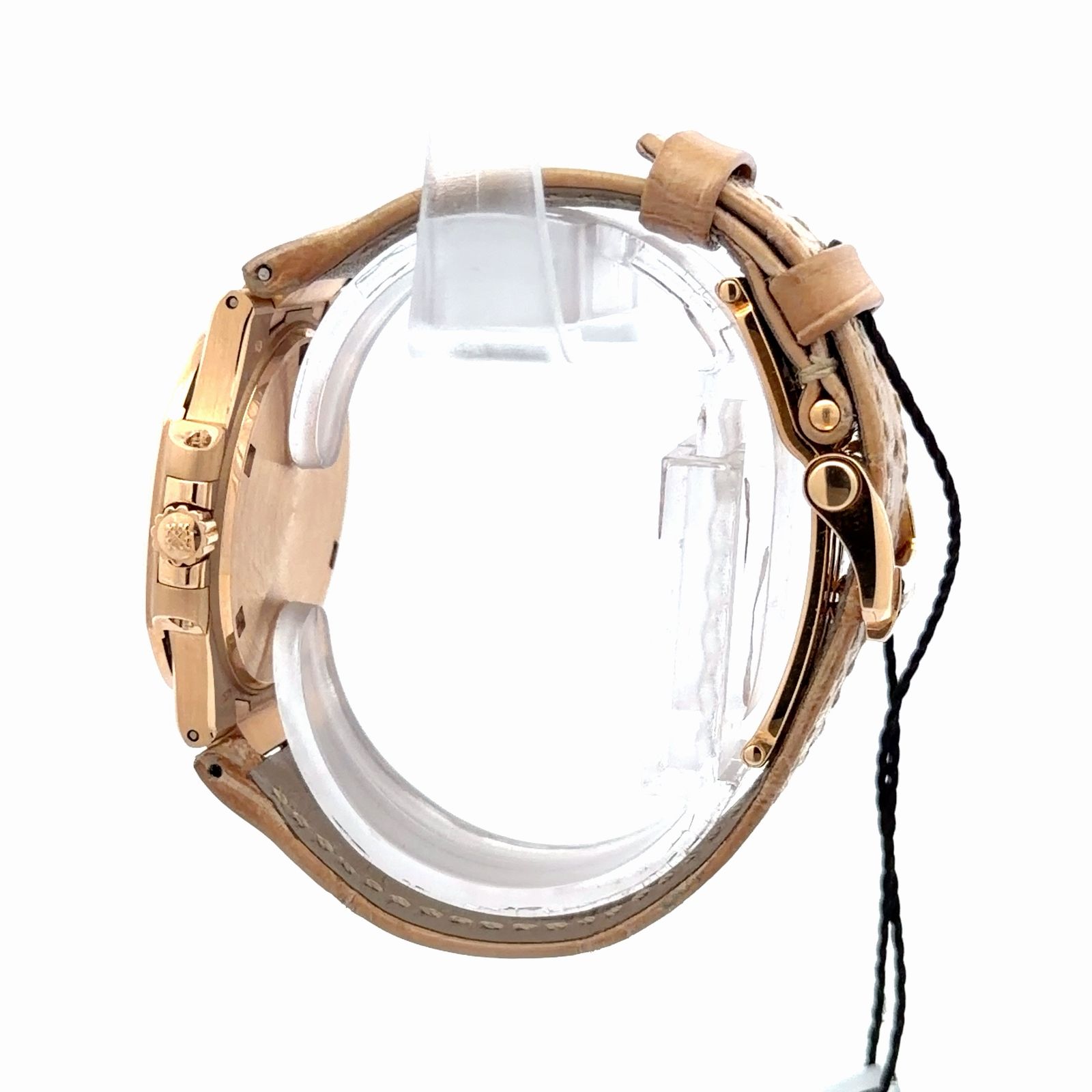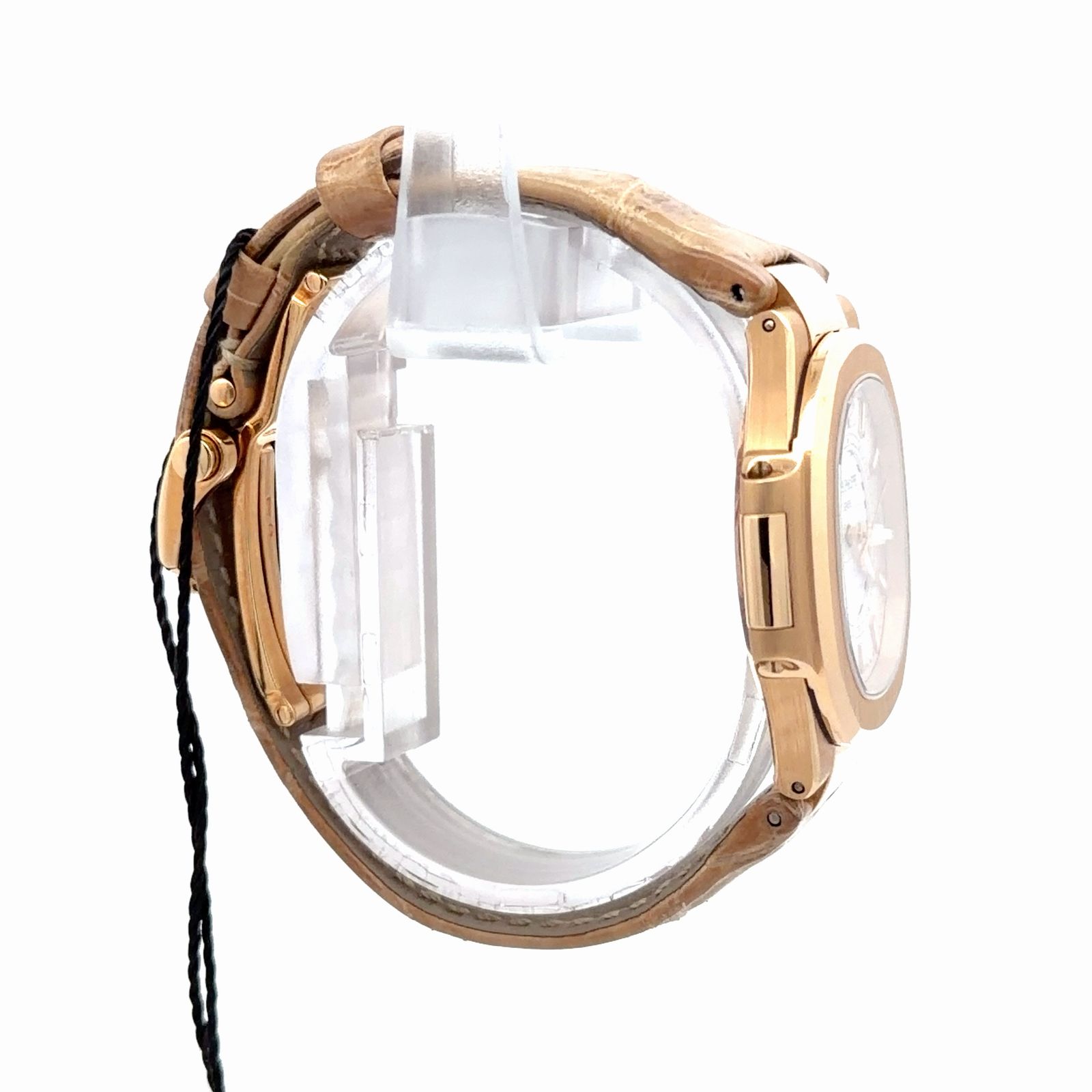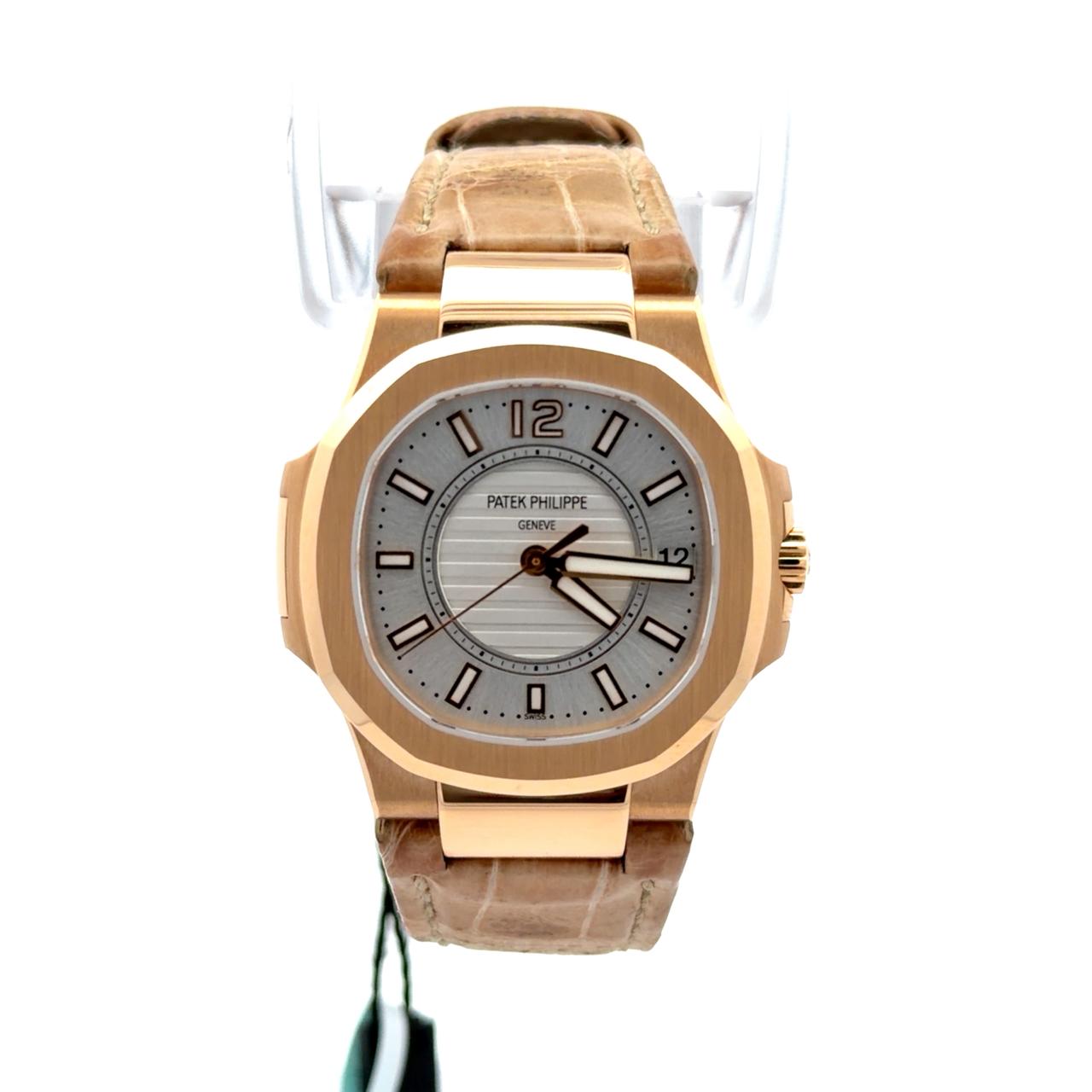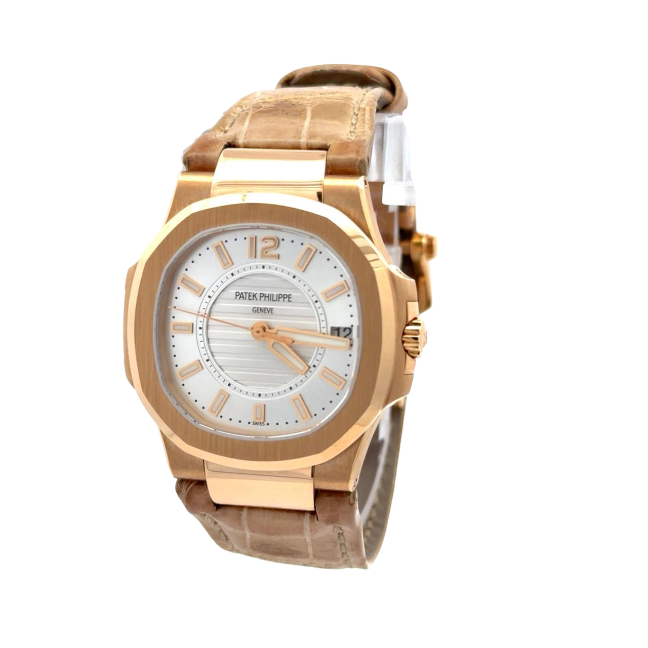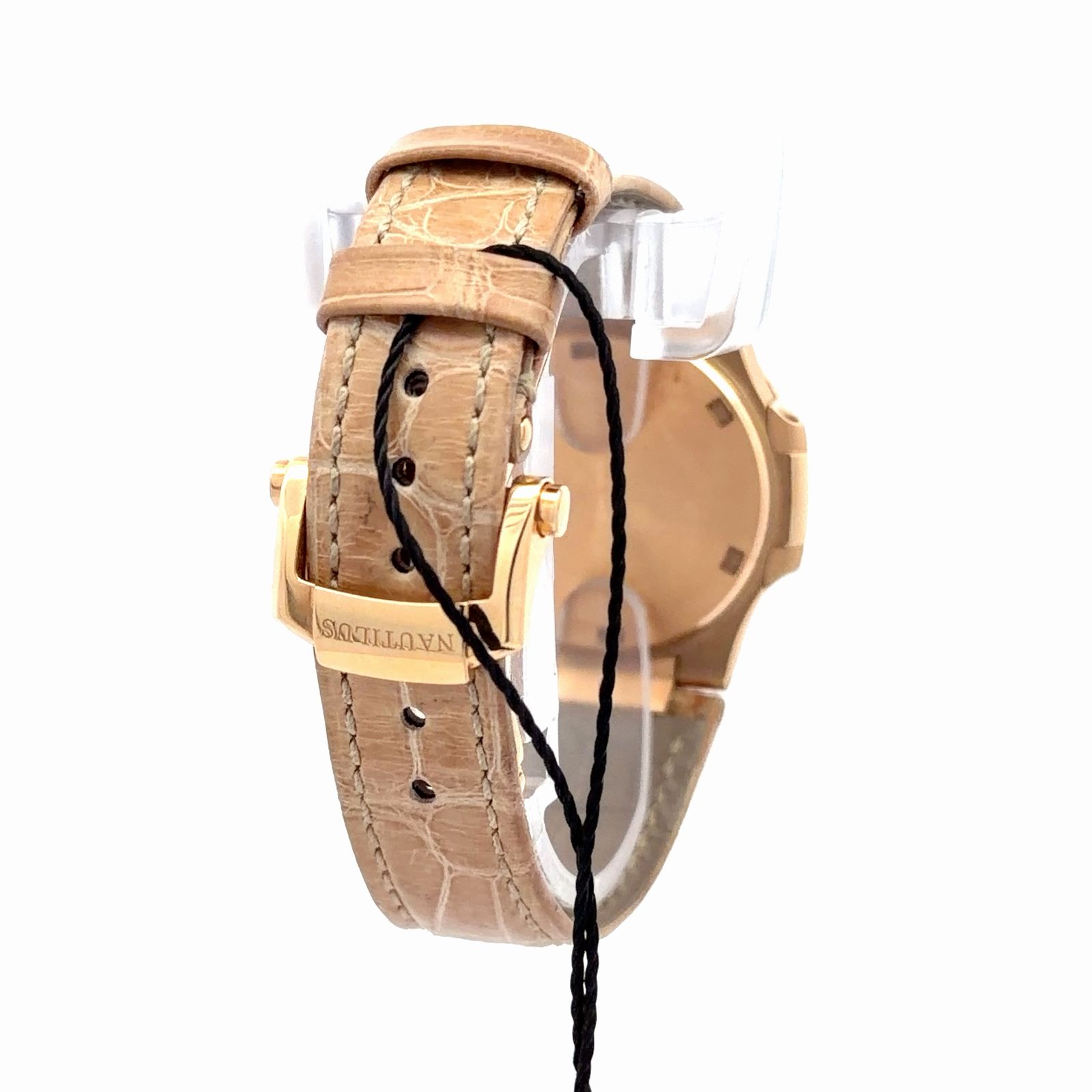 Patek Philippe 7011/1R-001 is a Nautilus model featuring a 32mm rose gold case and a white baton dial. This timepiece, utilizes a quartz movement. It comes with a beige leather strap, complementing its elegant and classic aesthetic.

- - -

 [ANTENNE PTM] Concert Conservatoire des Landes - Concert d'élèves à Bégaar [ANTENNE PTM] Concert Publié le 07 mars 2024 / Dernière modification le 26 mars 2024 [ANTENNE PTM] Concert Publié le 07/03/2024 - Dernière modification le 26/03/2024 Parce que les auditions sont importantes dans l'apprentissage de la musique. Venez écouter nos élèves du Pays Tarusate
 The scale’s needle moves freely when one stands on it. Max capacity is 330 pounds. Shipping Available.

- - -

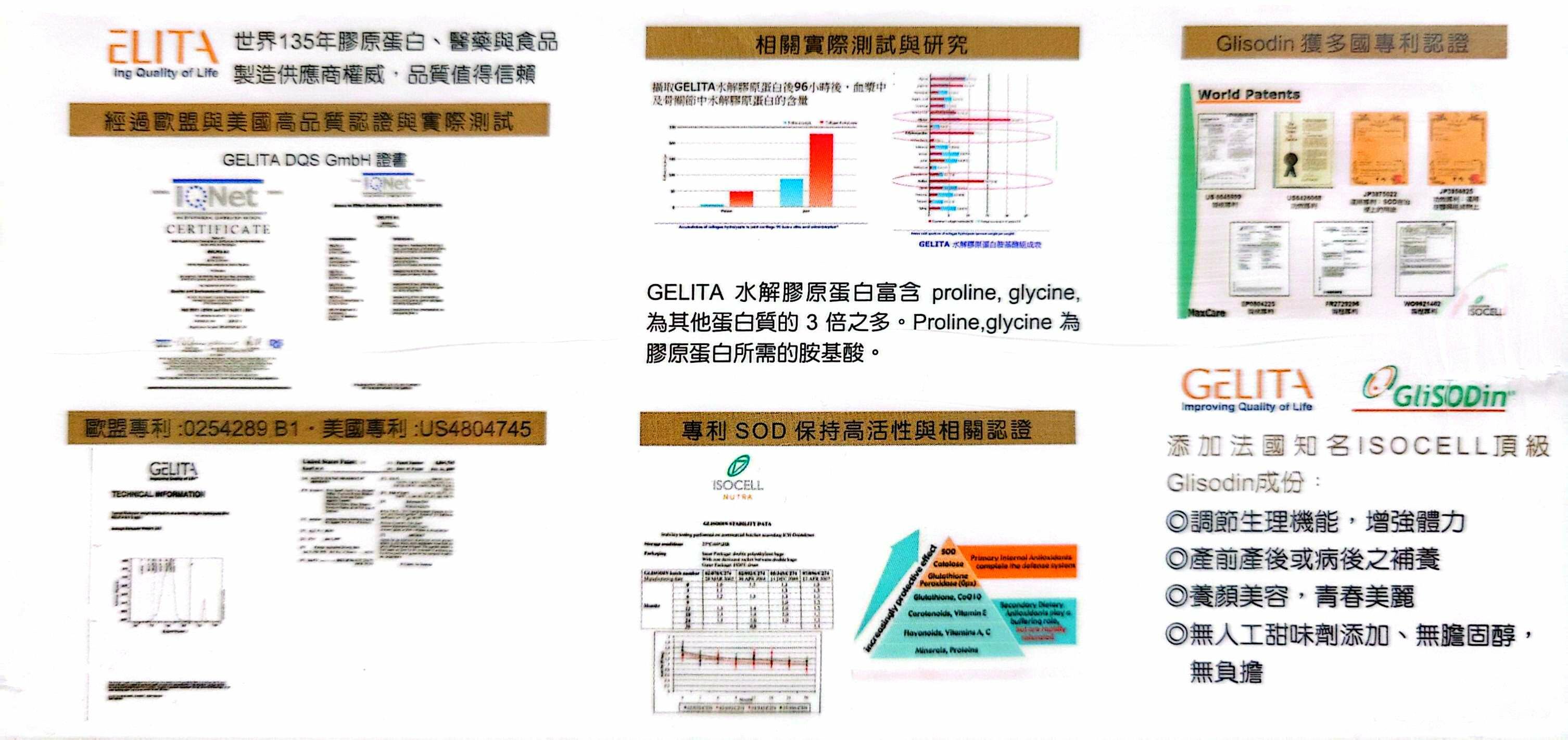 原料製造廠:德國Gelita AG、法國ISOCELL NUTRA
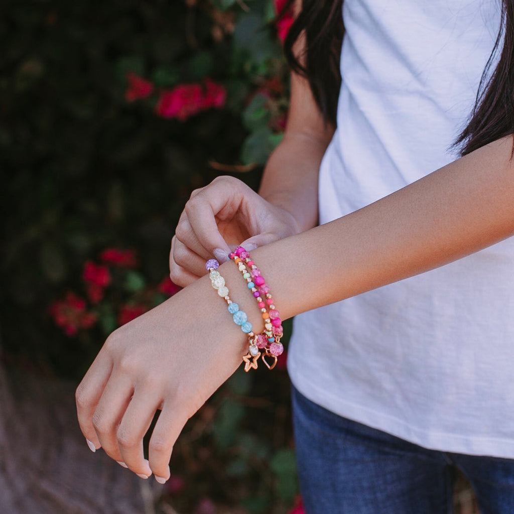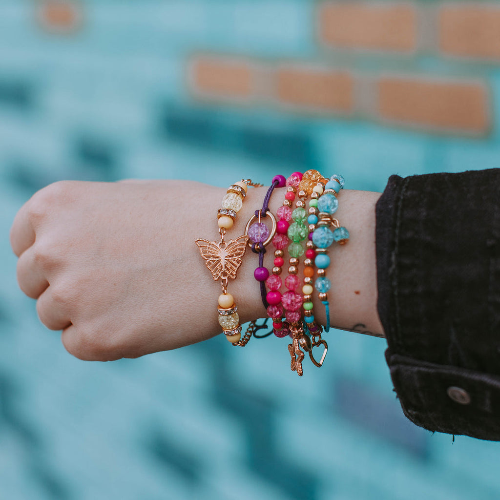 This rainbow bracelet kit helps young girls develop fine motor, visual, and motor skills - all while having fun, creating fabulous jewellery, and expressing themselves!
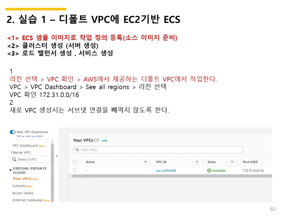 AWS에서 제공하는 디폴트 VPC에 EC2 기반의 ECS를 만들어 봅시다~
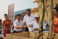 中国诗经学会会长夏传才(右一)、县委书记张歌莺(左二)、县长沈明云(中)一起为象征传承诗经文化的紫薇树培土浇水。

- - -

=== What the task asks ===
Repeat the lines above exactly, beginning with the one containing "原料製造廠:德國Gelita AG、法國ISOCELL NUTRA" and finishing with the one containing "中国诗经学会会长夏传才(右一". No pictures belong in the copy.

=== Answer box ===
 原料製造廠:德國Gelita AG、法國ISOCELL NUTRA
 This rainbow bracelet kit helps young girls develop fine motor, visual, and motor skills - all while having fun, creating fabulous jewellery, and expressing themselves!
 AWS에서 제공하는 디폴트 VPC에 EC2 기반의 ECS를 만들어 봅시다~
 中国诗经学会会长夏传才(右一)、县委书记张歌莺(左二)、县长沈明云(中)一起为象征传承诗经文化的紫薇树培土浇水。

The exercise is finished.